Em um lote de oito bezerros mestiços Girolandos de 4 a 8 meses de idade, com boa condição corporal, morreram três animais num período de 12 dias. Esses eram criados em regime extensivo, alojados em piquetes ricos em matéria orgânica adjacentes ao curral e nunca haviam sido vacinados contra clostridioses. Segundo informações do proprietário, os animais acometidos apresentaram manqueira, seguida de decúbito esternal, depressão e morreram entre 24 e 48 horas. Um animal foi encaminhado para o Hospital Veterinário da Escola de Veterinária da UFMG e foi submetido à necropsia aproximadamente três horas após a morte. Fragmento da musculatura lesada foi preservado em um recipiente contendo formol tamponado a 10% e encaminhado para a histologia rotineira de inclusão em parafina (LUNA, 1968). Secções de 5mm foram obtidas para a coloração de hematoxilina-eosina (LUNA, 1968). Fragmento adicional foi assepticamente coletado e submetido sob refrigeração ao Laboratório de Anaeróbios da Escola de Veterinária da UFMG, Belo Horizonte, Minas Gerais, Brasil. O mesmo foi assepticamente semeado em ágar sangue e incubado a 37°C em condições de aerobiose e anaerobiose por 48 horas. Impressões do tecido foram coradas pelo Gram e examinados por uma técnica de IFD como previamente descrito por ASSIS et al., (2001), usando conjugados anti-C. chauvoei, C. septicum, C. sordellii, C. novyi tipo A e C. perfringens tipo A produzidos por ASSIS et al., (2001). Amostras de referência de C. chauvoei (ATCC 10092), C. septicum (ATCC 12464), C. sordellii (ATCC 9764), C. novyi tipo A (ATCC 19402) e C. perfringens tipo A (ATCC 3624), foram usadas como controle em cada preparação. Cultura pura obtida em atmosfera de anaerobiose foi processada por uma técnica de PCR para o gene que codifica a subunidade 16S rRNA de C. chauvoei conforme a metodologia descrita por UZAL et al (2003b). Para avaliar a especificidade dos iniciadores de C. chauvoei, utilizaram-se extratos de DNA provenientes de amostras de referência de C. septicum (ATCC 12464), C. sordellii (ATCC 9764), C. novyi tipo A (ATCC 19402) e C. perfringens tipo A (ATCC 3624). Como controle positivo de C. chauvoei, foi utilizado extrato de DNA obtido da amostra ATCC 10092, e como controle negativo utilizaram-se os reagentes da PCR sem extratos de DNA.

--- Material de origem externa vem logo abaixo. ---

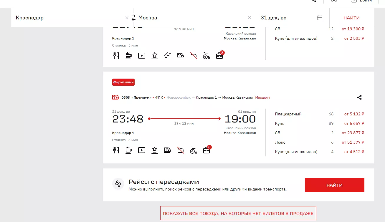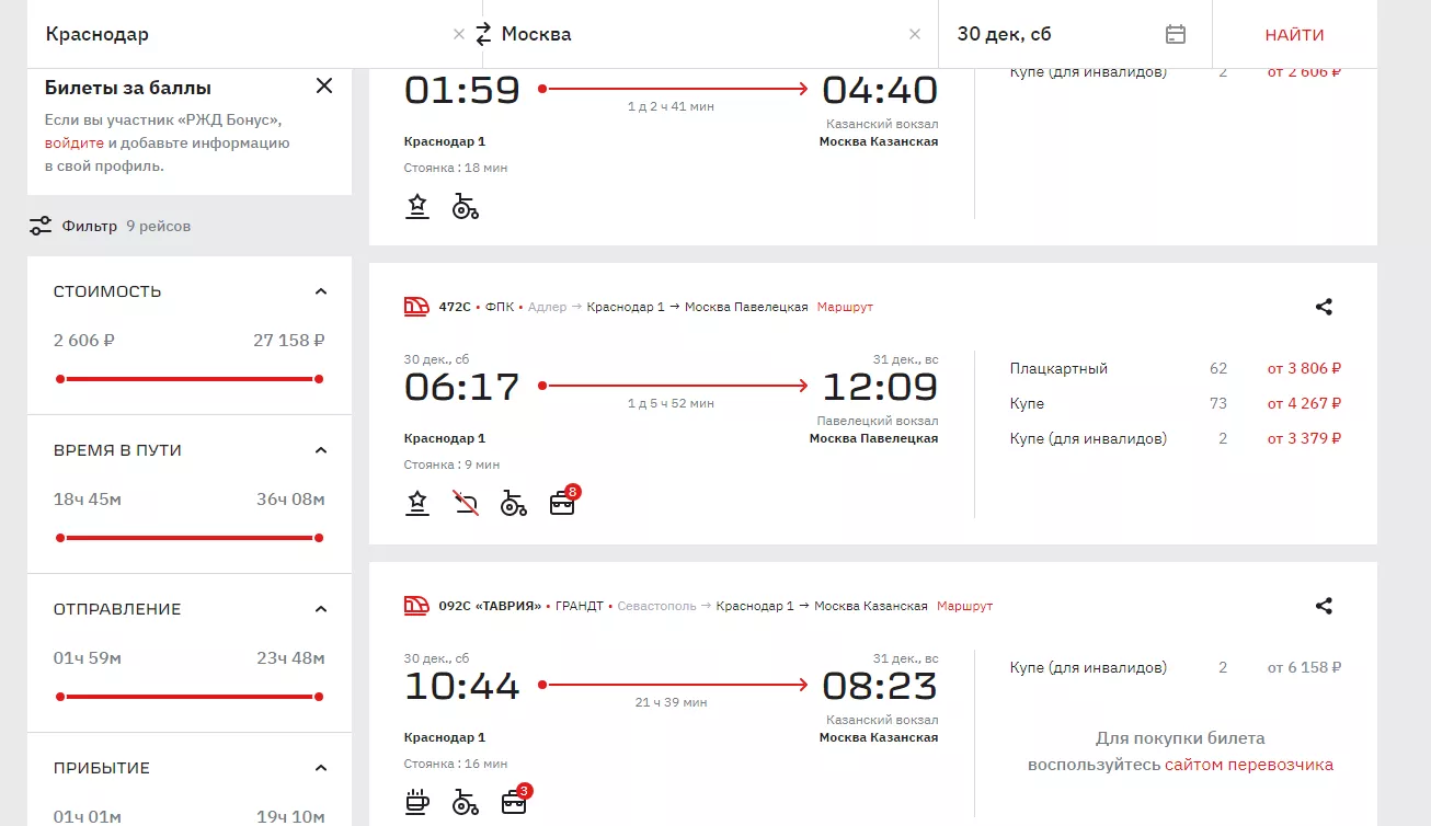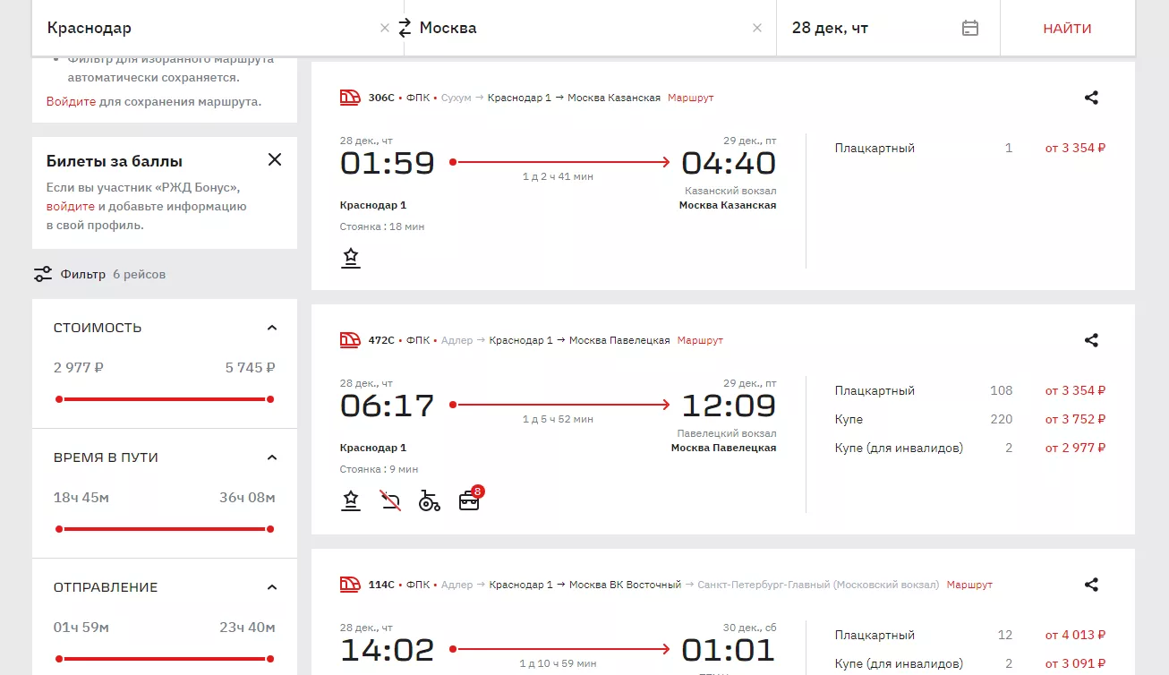 На рейс «Сухум — Москва Казанская», выезжающий из Краснодара 28 декабря в 01:59 остался только один плацкартный билет стоимостью от 3354 рублей. Правда, ехать придется больше суток.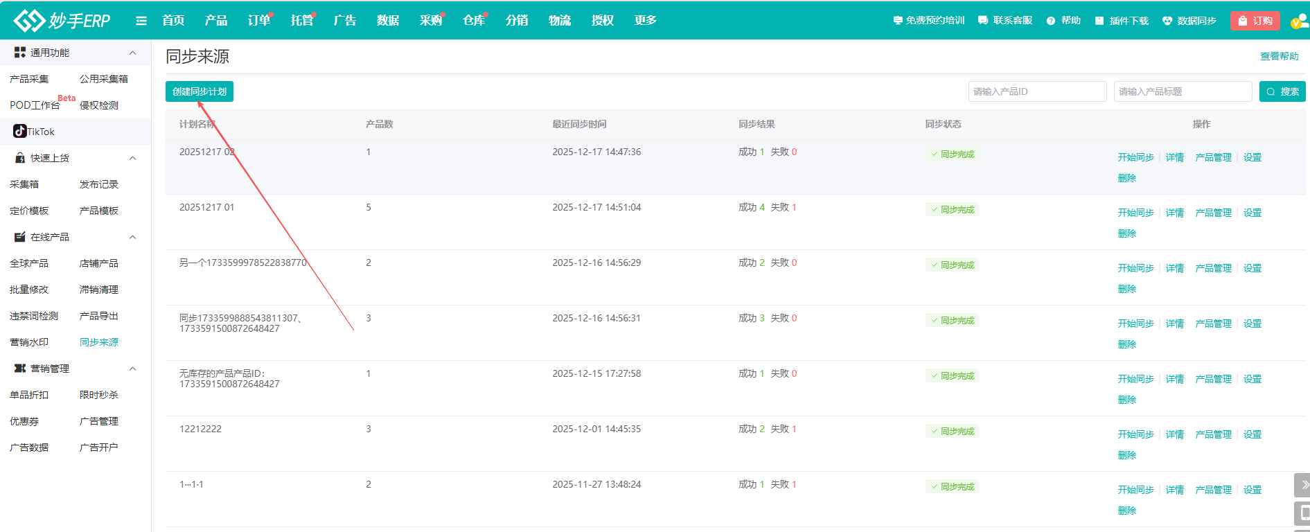 (9)进入到计划列表,可以查看计划的同步状态,显示“同步完成”便可开始进行处理

À necropsia, observou-se tumefação das grandes massas musculares do membro posterior direito, com crepitação à palpação. Não existiam feridas cutâneas. Ao corte dessa região, verificou-se presença de líquido sero-sanguinolento, musculatura de coloração vermelho enegrecida, com desorganização das fibras e aspecto de desvitalização. Não foi observada lesão cardíaca. O exame histopatológico revelou a presença de moderado infiltrado inflamatório de células mononucleares e focos de degeneração vacuolar e hialina das fibras musculares, que às vezes apresentaram-se fragmentadas e com perda da estriação. Estas alterações estavam associadas com extensas áreas de edema intersticial e hemorragia. Verificou-se ainda presença difusa de bastonetes basofílicos entre os feixes musculares. Observaram-se nas impressões do tecido, bastonetes Gram positivos, pleomórficos, esporulados ou não, identificados como C. chauvoei pela técnica de IFD. Cada amostra controle foi corada apenas pelo conjugado correspondente. Cultura pura de bastonetes Gram positivos com a mesma morfologia descrita acima foi obtida a partir do fragmento da musculatura lesada incubado em anaerobiose. C. chauvoei foi também identificado pela PCR a partir do isolado, e nenhuma reação cruzada foi observada a partir dos extratos de DNA dos outros clostrídios (Figura 1). Não houve crescimento em aerobiose.
Com base no histórico, sinais clínicos, achados de necropsia, histopatológicos e microbiológicos, permitiu-se firmar o diagnóstico de carbúnculo sintomático. IFD, em impressões obtidas diretamente do espécime clínico suspeito, é o critério considerado suficiente para o diagnóstico definitivo de mionecroses (STERNE & BATTY, 1975). Além disso, a técnica de PCR confirmou o diagnóstico de carbúnculo sintomático.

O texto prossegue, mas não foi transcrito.